Operation Green Rights presents: Project Tarmeggedon
Free-thinking citizens of the world: 
Anonymous' Operation Green Rights calls your attention to an urgent situation in North America perpetuated by the boundless greed of the usual suspects: Exxon Mobil, ConocoPhillips, Canadian Oil Sands Ltd., Imperial Oil, the Royal Bank of Scotland, and many others. 
This week, activists are gathering along U.S. Highway 12 in Montana to protest the transformation of a serene wilderness into an industrial shipping route, bringing "megaloads" of refinery equipment to the Alberta Tar Sands in Canada. 
Anonymous now joins the struggle against "Big Oil" in the heartland of the US. We stand in solidarity with any citizen willing to protest corporate abuse. Anonymous will not stand by idly and let these environmental atrocities continue. This is not the clean energy of the future that we are being promised. 
We will, over the course of the next few days, use the powers we posses to spread news about this scenario and the corporations involved. We are actively seeking leaks to expose the corruption that we all KNOW is beneath this. Anonymous will support the activists on July 13-14 when they initiate civil disobedience and direct action to confront this dire issue. We urge you to get involved. Montana and Idaho citizens, we ask you to join local protests and attend the Highway 12 rally if you are close enough! If you're not, join us in the IRC listed below for our own good times. 
The continued development of the tar sands is a major step backward in the effort to curb global warming. Anonymous will not suffer this without a fight, and Operation Green Rights will always support the rights of the people to live in an unpolluted world, and aim to help safeguard it for the future. One way or another.
These actions are indicators of a new direction for political planners. Translating these participations into votes can be the bonanza that could propel Democrats into local seats. Let's reach out.

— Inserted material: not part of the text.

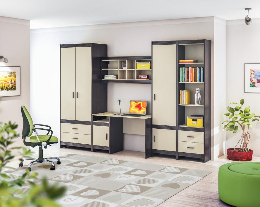 Современный комплект функциональной мебели, рассчитанный на комнату, предназначенную для проживания ребенка или подростка. Комплект включает в себя удобный компьютерный стол, вместительный шкаф для одежды, два модуля разной конфигурации для хранения всех необходимых вещей, навесную секцию с удобными полками. Приятный дизайн, который только подчеркивает выбранное цветовое сочетание: Венге/Ваниль.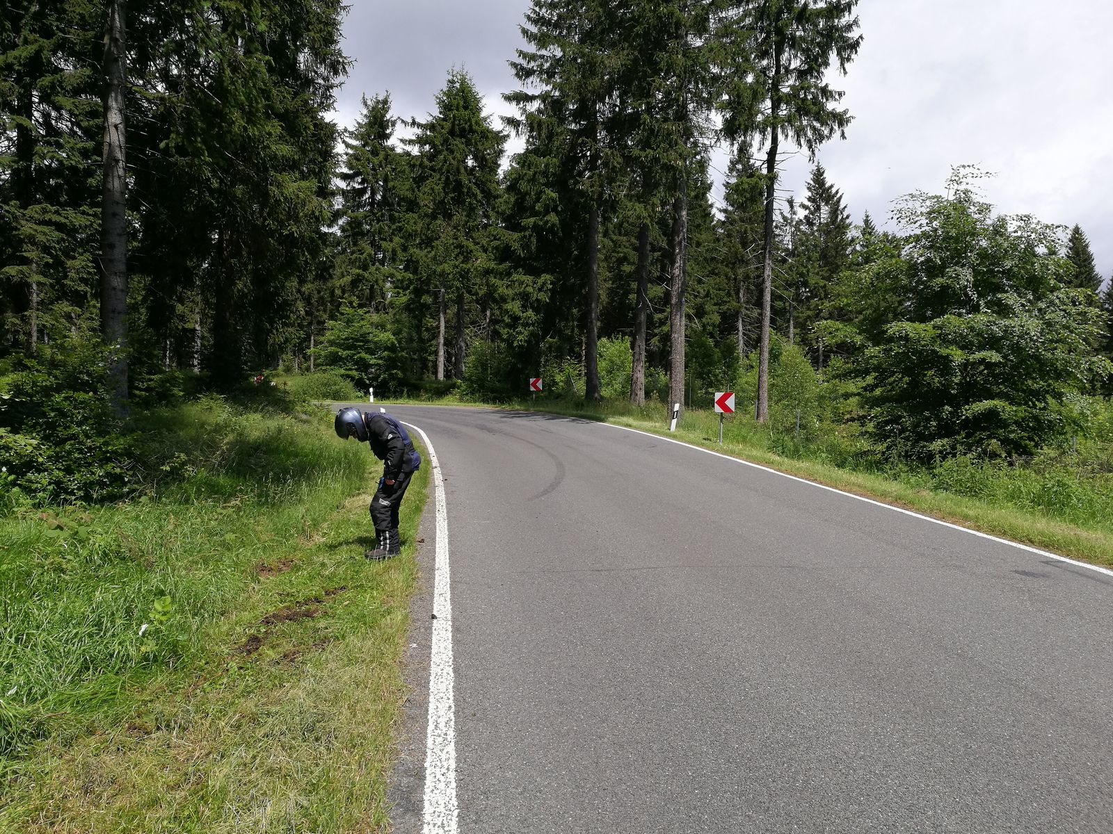 als das Moped dann schon Blickrichtung Wald hatte dann der klassische High Sider Abwurf

Rather than ripping up the Earth for glass, aluminum, and petroleum to make plastics: what about harvesting beetle-killed pine to manufacture aseptic paper beer containers and for compostable alternatives to the mountains of ubiquitous packaging this country uses?

9 comments:

freegan said...

If you have not noticed,the gov. is a democrat! This is a movement against the establishment. There will be no change unless we throw a wrench in the system. We must break down the old system to build a sustainable one. Stop with the dem/rep b.s.

larry kurtz said...

Movements need leaders; witness the governor's honed patience with an unruly, but passionate action. Expect his office to dispatch a representative to guide more direct interaction between the parties.

freegan said...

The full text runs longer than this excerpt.